As I show up for Moon Lodge and connect to ancient practices like the Red Tent and the rituals that come with witchcraft, I begin to crawl back to an old and familiar place. A place that has been hidden deeply underground and so wickedly misrepresented. In this time of global ecological and social crisis, it is becoming more and more evident that we desperately need to look to traditional societies that have withstood the times. Indigenous communities know how to live in harmony with their bodies and the land. These teachings and ways of being are not found in libraries, at university or in the doctor’s rooms. They live out there in the wilds and they live right here, in the wilds within our bones. We know it in our blood, in the moments when we gaze at the Full Moon or sit around a communal fire.
This primal yearning directly contrasts with our other obsession - the social media storm that brought me to this post in the first place, and the storm that most of us find ourselves caught in. When I post such pictures as above, I often question my own intention, my "authenticity" as I knowingly take part in this ego-boosting playground. A world of scrolling desires and dreams, illusions and delusions.
How do I choose to play this game? What are the rules? Who sets them? Whether real or imagined, there is a moment for us to choose our story on a platform that has captured the attention of billions of people. And so, I turn to Instagram because like the "perfect" life it portrays, it allows me a short-lived moment of expressive freedom in a world that is not so accepting. A space to rebel behind the safety of a glass screen and an ability to reach thousands of people through a single post. Returning home to South Africa brings with it a daily facing of the fear of my own safety.
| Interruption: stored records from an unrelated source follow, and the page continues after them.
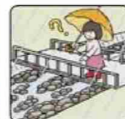
雨が降り続けているのに川の水位が下がる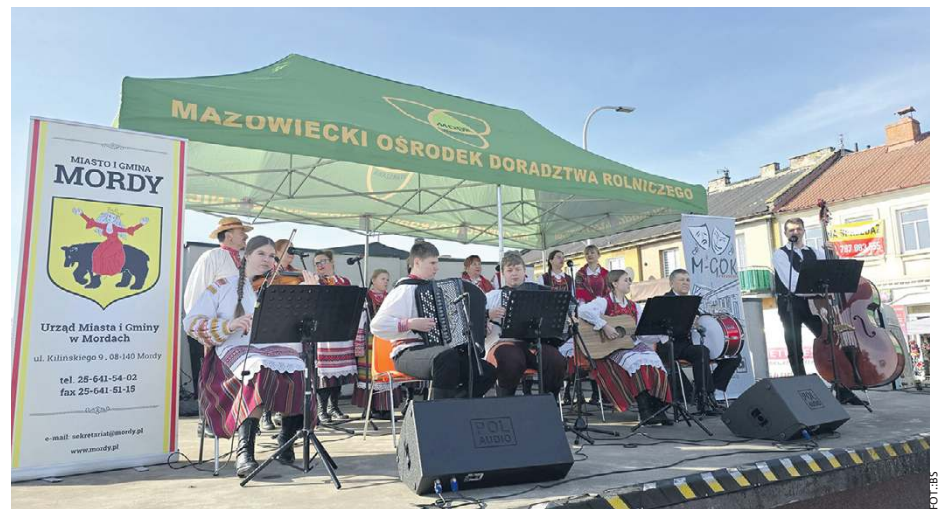
Na scenie prezentowali się nie tylko miejscowi artyści.

Program tegorocznej edycji Jarmarku na rynku w centrum miasta był bogaty. Na straganach królowały wyroby z drewna, włóczki i czapki,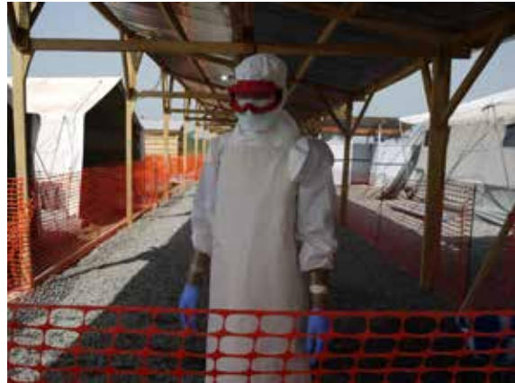
Godt beskyttet: På oppdrag i Sierra Leone iført fullt beskyttelsesutstyr mot ebola.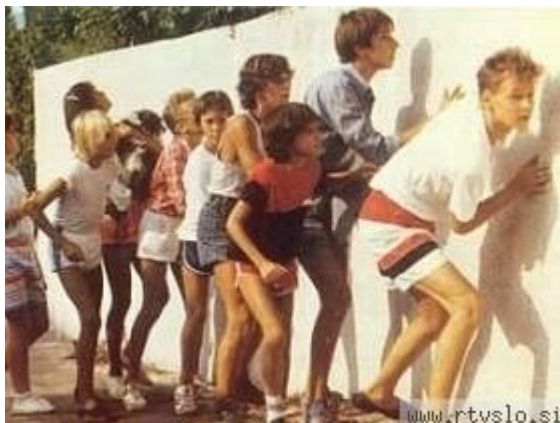
Slika 7: Poletje v školjki

Poletje v školjki je slovenski mladinski film iz leta 1985. Film je režiral Tugo Štiglic, glasbo za celoten film vključno z znano pesmijo »Prisluhni školjki« je napisal Jani Golob , izvajala pa jo je skupina Black and White s pomočjo Mihe Kralja .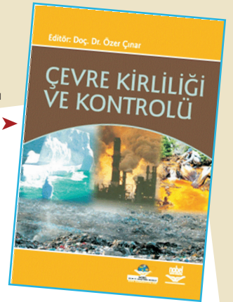
Çevre Kirliliği ve Kontrolü

Teknoloji, endüstri ve nüfusun artışında yaşanan dengesizlikler çevre kirliliğinin önemli boyutlarda artmasında neden olmaktadır. Bu kapsamda çevre kirliliğinin en büyük nedenlerinden bazıları; ülkelerin gelişmelerine dayalı kalkınmanın temel unsurlarını oluşturan, tarım, sanayi, turizm ve ulaşım sektörleridir. Dünyada olduğu gibi Türkiye'de de çevre kirliliği sorunları toplumun yeterli duyarlılık göstermemesi sebebiyle her geçen gün artmaktadır. Çevre kirliliğinden kaynaklanan sorunların çözümü, dengeyi bozmada başrol oynayan insanların alacağı önlemler ile mümkün olacaktır. Bu önlemleri tema edinen eser, beş ana bölümden oluşmaktadır. Bölümler; su kirliliği, toprak kirliliği, katı ve tehlikeli atıklar, hava kirliliği, küresel ısınma ve iklim değişikliği olarak sıralanmıştır. Her bölümde, yukarıda sıralanan sorunlar hakkında detaylı bilgi verilmiş, bu sorunların çözümüne yönelik metotlar tartışılmıştır. Çalışma hem çevre bilimleri öğrencilerine hem de konuya ilgi duyanlara faydalı olacaktır.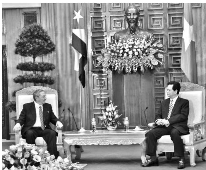
Con el Primer Ministro Nguyen Tan Dung.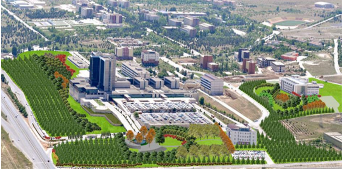
Şekil 3.1. İnönü Üniversitesi Turgut Özal Tıp Merkezi

İnönü Üniversitesi Turgut Özal Tıp Merkezi 1996 yılında hizmete açılmıştır. Turgut Özal Tıp Merkezi 24.000 m 2 alan üzerine kurulu 126.000 m 2 toplam kapalı alana sahiptir. On altı katlı hastane kulesinde aktif hizmet veren merkez toplam 950 yatak kapasitesine sahiptir. Psikiyatri kliniği 52 yatak kapasitesine sahiptir. 14 hemşire, 7 öğretim üyesi, 13 asistan ve 8 diğer personel olmak üzere toplamda 42 sağlık personelinde oluşmaktadır. İnönü Üniversitesi Turgut Özal Tıp Merkezi Şekil 3.1’de verilmiştir.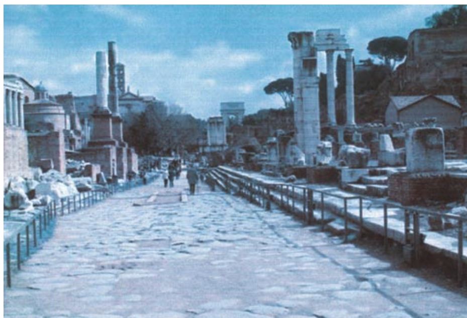
Via Appia (zdjęcie współczesne)

downictwo drogowe pomimo, że w swych początkach było syntezą osiągnięć wcześniejszych cywilizacji np. Krety czy Grecji, to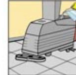
3. Tuang pembersih lantai pada automatic scrubber sesuai instruksi.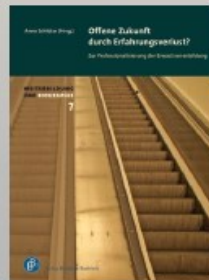
Anne Schlüter (Hrsg.): Offene Zukunft durch Erfahrungsverlust?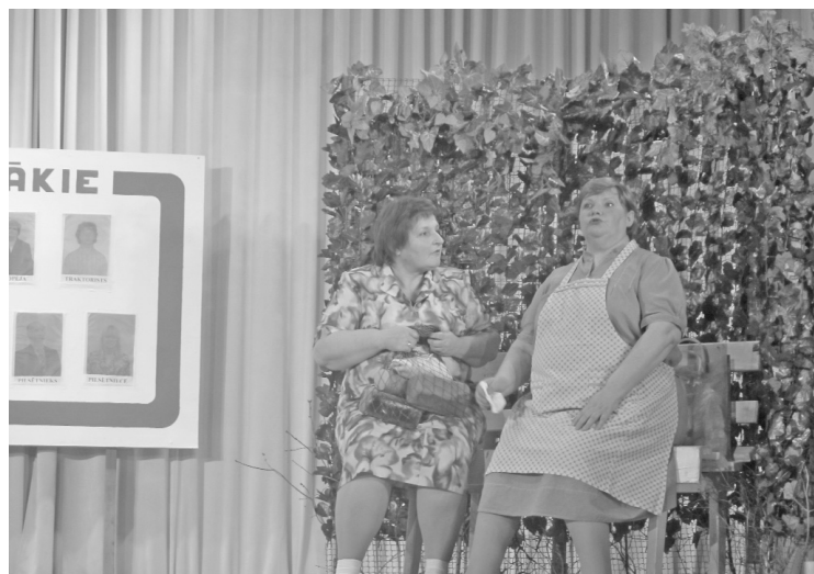
Pagasta sievu vidū, vienmēr tiek noskaidroti visi aktuālie notikumi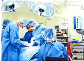
Un pedo de una paciente causa un incendio en un quirófano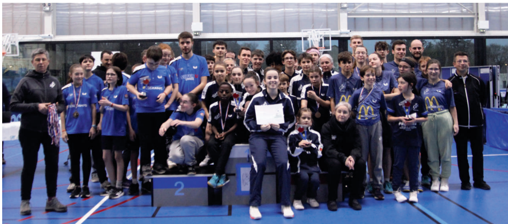
Podium du Challenge Bernard Jeu 2024

14 janvier 2024 à Loué (72) • Vainqueur : Le Mans Sarthe TT 1 • 2e : Ernéenne Sport TT • 3e : Le Mans Sarthe TT 2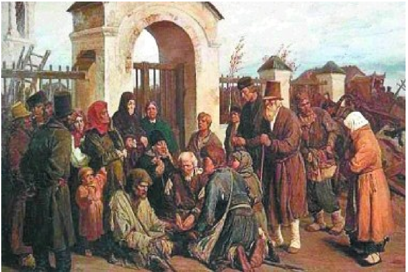
В.М.Васнецов. «Нищие певцы». Раево-Мыза в XIX веке стояла на богомольном пути.

Отсутствие сведений в прежних документах говорит о том, что сельцо появилось в очень небольшой промежуток между 1719 г., когда началось составление ревизских сказок, и 1723 г. Наименование нового селения явно было заимствовано от соседнего с Тайнинским старинного села Раева, некогда принадлежавшего к этой дворцовой волости, но переданного Петром I в конце XVII в. своему дяде Льву Кирилловичу Нарышкину. Правда, при этом, что являлось очень характерным для эпохи XVIII столетия, в это название вкладывался несколько иной смысл, а само оно производилось от слова «рай». Это было явно не случайно, поскольку именно здесь, в полуверсте от большой Троицкой дороги, в окружении берёзового и осинового леса, Екатерина I возводит небольшую уединенную усадьбу, которая предназначалась для «райского» отдыха во время поездок и пеших «походов» царицы на богомолье в Троице-Сергиев монастырь.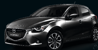
ONYXSCHWARZ METALLIC (41W)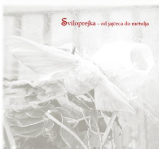
Naslovnica publikacije Sviloprejka – od jajčeca do metulja

Izdelava in razpošiljanje zaključnega poročila o delu medobčinske LAS v letu 2020.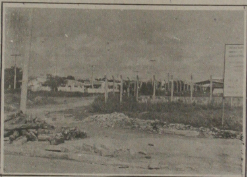
Moradores do JK aguardam conclusão das obras da praça.

Os moradores dos Conjuntos JK e Sol Nascente, continuam aguardando a decisão da Prefeitura de Aracaju, em concluir as obras de construção da praça central daqueles núcleos habitacionais, que há mais de um ano está em andamento, mas sofreu uma paralisação inexplicável para seus moradores.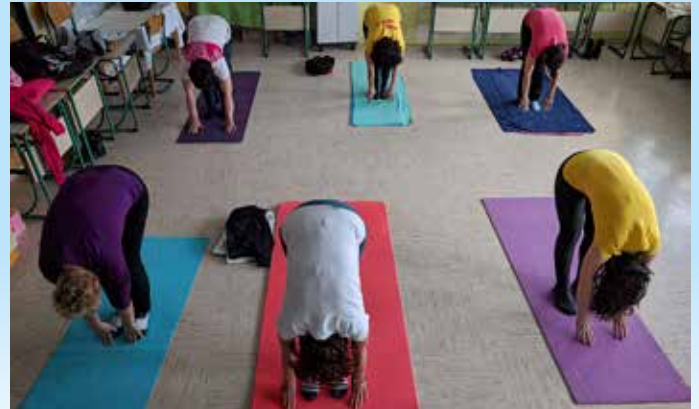
Del skupine med vadbo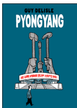
Pyongyang 13.ª edición 184 páginas. 18 euros ISBN: 978-84-96815-05-6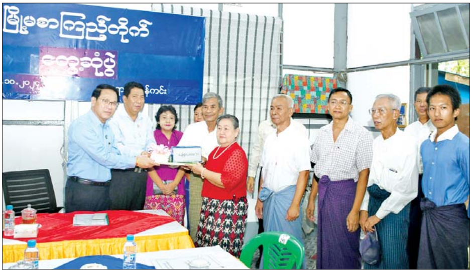
ပြည်ထောင်စုဝန်ကြီး ဦးမောင်မောင်အုန်း ရန်ကင်းမြို့နယ် အမှတ် (၄) ရပ်ကွက်ရှိ မြို့မစာကြည့်တိုက်အတွက် ထောက်ပံ့ငွေနှင့် စာအုပ်စာစောင်များ ပေးအပ်လှူဒါန်းစဉ်။

ဆက်လက်၍ ပြည်ထောင်စုဝန်ကြီး ဦးမောင်မောင်အုန်းသည် ရန်ကင်းမြို့နယ်ရှိ လူမှုရေးရာဝန်ကြီး ဦးဌေးအောင်နှင့်အတူ ရန်ကင်းမြို့နယ် အမှတ် (၄)

An anxiety that creeps up, in, and around my body when I leave the house. My moves, calculated from the time I walk to my car, to the time I stop at a pedestrian light, to the time I park, to the time I am back in a building. I am for a moment met with a small understanding of what it means to want for a basic need. To yearn to feel safe in a world to be me, to be a woman.
Because when we we do not feel safe, we disembody. And this disembodiment has led to a legacy of abuse and neglect that lies in almost all of our lineages. When we disembody, we live in a severed state, numbing ourselves from the pain, shame (and pleasure) of having a body, particularly a female body. Where we begin to further perpetuate neglect through acts of denial, intoxication, overworking, over-consuming, saying yes when our bodies clearly signalled no.
This is a detrimental denial of the pleasures of life. The pleasures of being in life, in our humanness, in our sensory experience. In many ways I believe that our pleasure is our freedom. When we fully embrace our naked, juicy, luscious selves, healing occurs because we are becoming whole again. When we look at those places we were too afraid to look, when we feel those things we were too afraid to feel. When we come back into our bodies. A little more and a little more.
And so I encourage you to seek out the things that activate you, that make you feel alive - whether it be romantic movies and a tub of full-fat chocolate ice cream or a walk on the beach and a freezing swim. Perhaps you too want to run naked with your boobies out and booty shaking for the world to see.
Set your heart on fire, make your freedom your priority.